Once this finished, you have all your bins defined in text files called bin.0.txt, bin.1.txt, etc inside the [pairwise_output_dir] directory. You can look at these and examine bin sizes if you want (e.g. run wc -l [pairwise_output_dir]/bin.*.txt).

Step 4:

Now is time to actually concatenate all the gene alignments for each bin and to create the supergene alignments. Go to the place where you want to have your supergene alignments saved, and run:

   $BINNING_HOME/build.supergene.alignments.sh [pairwise_output_dir] [genes_dir] [supergenes_output_directory]

This will create the directory given with [supergenes_output_directory] and will put all the supergene alignments in there. For each supergene, it will also create a .part file that tells you what genes are put in the supergene alignment, and the boundary between those genes.
Note: For bins of size 1, if they exist, a warning is issued. This warning should be taken into accont. You already have a gene tree on these singelton bins, and therefore you might just want to make symlinks instead of rerunning the gene tree estimation step. Look at $BINNING_HOME/build.supergene.alignments.sh for commented lines that can be adjusted to create symlinks for your file structure.

Step 5:

Now you can use your favorite tree estimation software to estimate gene trees for each of these supergenes. The .part files can be used for a strongly recommended partitioned analysis (e.g. using RAxML).

Step 6:

Run your supergenes through your favorite summary method (e.g. ASTRAL, MP-EST, etc.). For doing this, you might want to 1) use MLBS, and 2) weight each bin by the number of genes put in that bin. See notes below for both of these extra steps.


Notes:

  • MLBS: If you would like to run a multi-locus bootstrapping (MLBS) pipeline, once you created the supergene alignments, you need to run a bootstrapped analysis for each bin in step 5 and get bootstrapped gene trees. You can then use your own scripts for building replicate inputs to the summary method, or you can use scripts we provide in this github repository.

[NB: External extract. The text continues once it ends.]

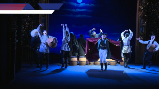 Колоритно и зажигательно. Так начинается премьера спектакля «Ханума». Князь Вано разорён. Он мечтает о богатой невесте. Две свахи: Кабато и Ханума нашли уже для князя прекрасных невест с богатым приданным, одна краше другой.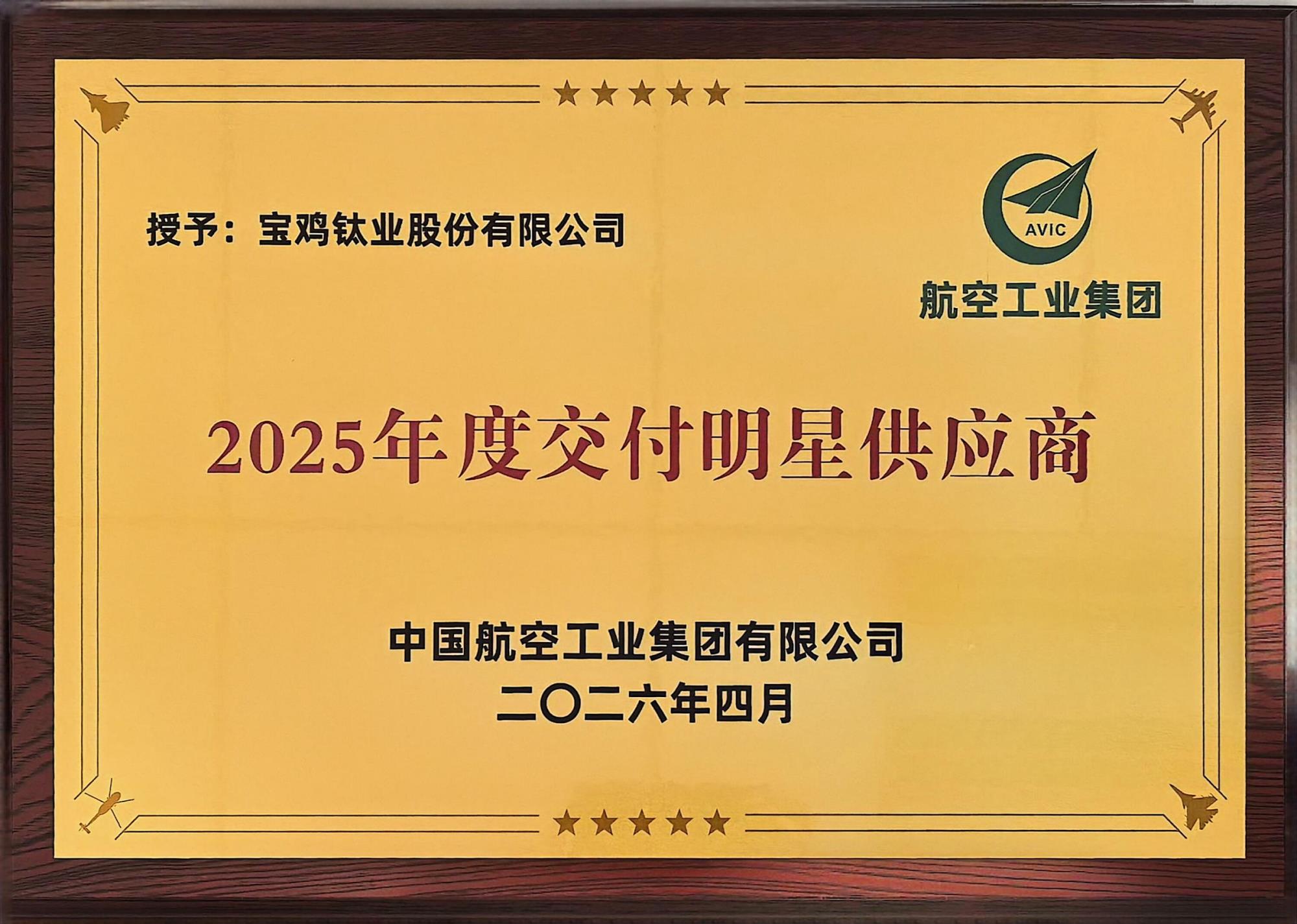近日,中国航空工业集团有限公司(以下简称“航空工业集团”)2026年供应商大会召开。宝鸡钛业股份有限公司(以下简称“宝钛股份”)凭借在交付保障、品质管控、协同响应等方面的优异表现,获得“2025年度交付明星供应商”称号。宝钛集团有限公司副总经理何书林出席大会并现场领取奖牌。

  • Weighting: In step 6, you could weight each bin by its size. That is, you can repeat the supergene tree by the size of the bin. This is the strongly recommended approach, as our new currently-under-review manuscript suggests. To do this weighting, you need to replicate each gene tree by number of lines in the .part file generated for each supergene. Our multi-locus bootstrapping code has an option for weighting. Even if you are just using maximum likelihood gene trees (as opposed to MLBS), you can run our MLBS code with 1 replicate and giving it weight files, and it will create a weighted input file that you can then use.

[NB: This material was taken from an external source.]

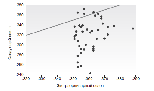 Необычный год показан на горизонтальной оси, а следующий год – на вертикальной: если средний уровень в следующем году ниже, точка окажется под наклонной линией. Регрессия к среднему значению иллюстрируется тем фактом, что почти все точки находятся под наклонной линией, большинство – намного ниже: за выдающимися значениями обычно следуют средние, за экстраординарным – более обычное.

  • Randomizing: In step 3, we first make a list of genes and then use this list as input to the graph coloring code. As stated in our paper, there is a randomness inherent in our binning approach, related to how ties are broken when sorting bin sizes. The order of the genes in the input file to the coloring code (here, the file called genes) determines how these ties are broken. Thus, for a given order of genes, our coloring code is deterministic. But the arbitrary order of genes can make a difference in the bin formation. We suggest that when computionally feasible, you randomize this genes file (e.g. by using the command ls| grep -v ge|sed -e "s/.50$//g"|sort -R > genes) to produce various possible ways of binning and see what parts of the tree are robust to these random choices.

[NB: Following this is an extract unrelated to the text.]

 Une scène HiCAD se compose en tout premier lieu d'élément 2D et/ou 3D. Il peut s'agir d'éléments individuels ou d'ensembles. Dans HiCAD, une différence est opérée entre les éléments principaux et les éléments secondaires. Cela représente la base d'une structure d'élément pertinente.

  • Partitioned analyses: Please use a partitioned analysis to get your gene trees. Note that we recommend that, when computationally feasible, you should use the -M in RAxML to enable a full partitioned analysis with re-estimation of branch lengths in addition to the GTR rate matrix and Gamma alpha parameter.

Acknowledgment

In our pipeline, we use few scripts developed by others:

  1. Our graph coloring code is a modification of a Java code by Shalin Shah.
  2. Our compatibility code is based on an older versions of phylonet with some reverse-engineering and code modifications to increase speed and fix bugs.